Monday, February 20, 2017

Unauthorized Practice of Law - Another Point of View


I have an idea for illustrating the absurdity of the current tenor of enforcement against the “unauthorized practice of law” in Florida. It will probably never convince the Florida Bar to let up on the persecution of legal document preparers, but it might make some people realize just how hypocritical the Florida Bar is.

As I learned firsthand from a recent lawsuit against me, law is a complicated field. It has many specialties. When I needed to hire an attorney in another state to help me with that lawsuit, the first law office I called directed me to the local “expert” attorney in that particular specialty field of law. In that small jurisdiction, he qualified as the local expert in that specialty area because he had successfully prosecuted a case all the way to that state’s Supreme Court. It makes some sense: If you have an auto accident, you would probably do better if you had an attorney who specialized in auto accident cases. (To further illustrate my point, I’ll refer to the tort I was sued for generically, as “Tort X.”)

When my plaintiff lost in his home state and sued me in Florida, he tried to bolster his case with references to another Tort X lawsuit that had certain parties I’ll call Jones vs. Mackey. Something that happened in that case is instructive. The Plaintiff, Jones, didn’t hire an attorney who was a specialist in Tort X. He hired an attorney who had spent his career on cases involving real estate foreclosures.


Why? I don’t know. I’m guessing no attorney who specialized in Tort X would take what was obviously a lousy case. But I’d like to argue that, if UPL is going to be so strongly prosecuted, then UPL should be expanded to include attorneys like Jones’ who practice a type of law outside their range of expertise and experience.

And why shouldn’t such an attorney be prosecuted just as violently as the Florida Bar prosecutes legal document preparers? By practicing outside their expertise, attorneys like Jones’ are exposing their clients to exactly the same risks that the Bar claims legal document preparers are exposing their customers to. Would you see an ear, nose and throat doctor for an ingrown toenail? Of course not. A wise ENT, except in emergency, would give you a referral to a podiatrist. An attorney who did not do the same should be prosecuted for it.

Maybe what the Florida Bar needs is a taste of its own medicine.

Guest Blog, published with permission from the author, Jim Holding

The Pro Se Challenge - Accessing the Court System



As a pro se litigant, I recently experienced a frustrating (and expensive) example of the sort of barriers a pro se litigant can encounter. I discovered that court systems are not designed to aid the pro se litigant in filing their paperwork, and a clerk of court’s staff are often far from helpful.

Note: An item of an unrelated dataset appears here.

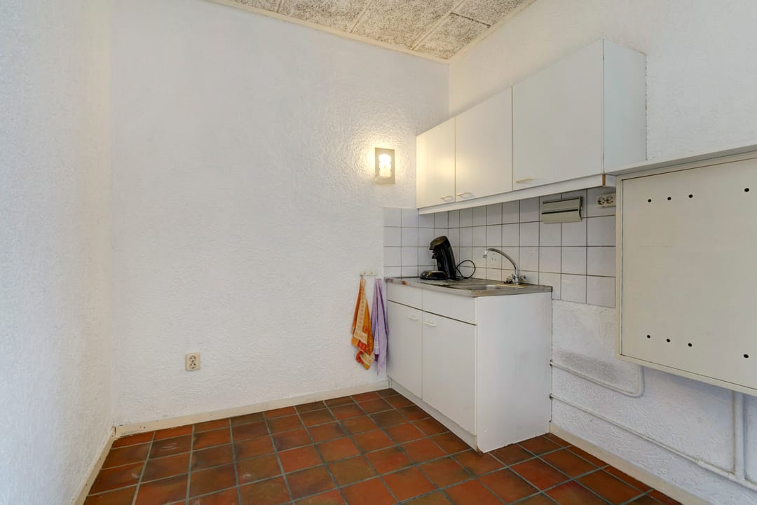 Kantine van circa 32 m² met vaste kast en kitchenette.

In 2015, I was sued by someone in a state on the other side of the country. Other attorneys in his area referred to him as a vexatious litigant, and he filed all his lawsuits pro se and in forma pauperis. He had never won a lawsuit.

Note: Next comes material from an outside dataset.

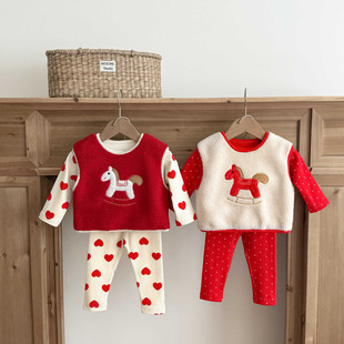 25 봄 새로운 한국 스타일 아기 옷 인 사슴 자수 어린이 3 피스 아기 긴 소매 티셔츠 정장스토어 가기

My background is in research, and I once managed a law library. So, I was able to defend myself, and I prepared a defense based on lack of personal jurisdiction.

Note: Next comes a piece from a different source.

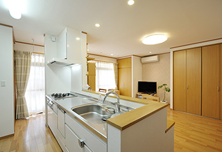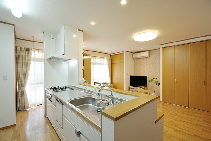 お母様と奥様が並んでお料理ができるアイランド式の対面キッチン。食器洗い乾燥機をシステムキッチンに組み込み、すっきりと使い勝手もよくなりました。

Unfortunately, the court system this man lived under was still in the 1990s technologically. There were many obscure rules, and many forms for filing documents that were unique to that court. Half the time I called the clerk of court to ask a question, and either the person I needed to speak to was “out of the office,” or the person I spoke to had no idea how to help me. To make matters worse, this court system just happened to be implementing new scheduling software, which caused even more problems as members of the clerk of court’s staff became unavailable because they were “in training.” I left messages, and did not receive calls back until literally the last minute I had to do my paperwork.

There was also no system set up for full electronic filing. I could send a copy to the clerk’s office electronically, provided I went through an obscure registration process. However, I was still required to “snail mail” copies to the judge. Barney Fife obviously served as clerk of court in this county!

I filed a motion to dismiss, only to discover that I had filled out a form incorrectly, and my dismissal hearing was not properly scheduled. I became so concerned about not being able to communicate with the clerk’s staff that I hired an attorney in the other state. In the end, because of various actions by the plaintiff, it cost me $21,000. It could have cost more. Thankfully, the attorney I hired recognized that I was competent at legal research and allowed me to do research for him on personal jurisdiction. That saved me $1500. (The judge, by the way, awarded me those attorney fees after everything else was over with.)

The attorney used the same arguments I used in my motion to dismiss, only adding a few points from that state’s case law. Had the court system in the Plaintiff’s state been more accessible, I could easily have handled these matters myself. The end of this affair proves it: After the Plaintiff lost to me in his home state, he tried to sue me in Florida – and I defeated him for no more than the cost of postage and copies..along with a small payment to a helpful legal document preparer!

Guest Blog - published with permission from the author, Jim Holding.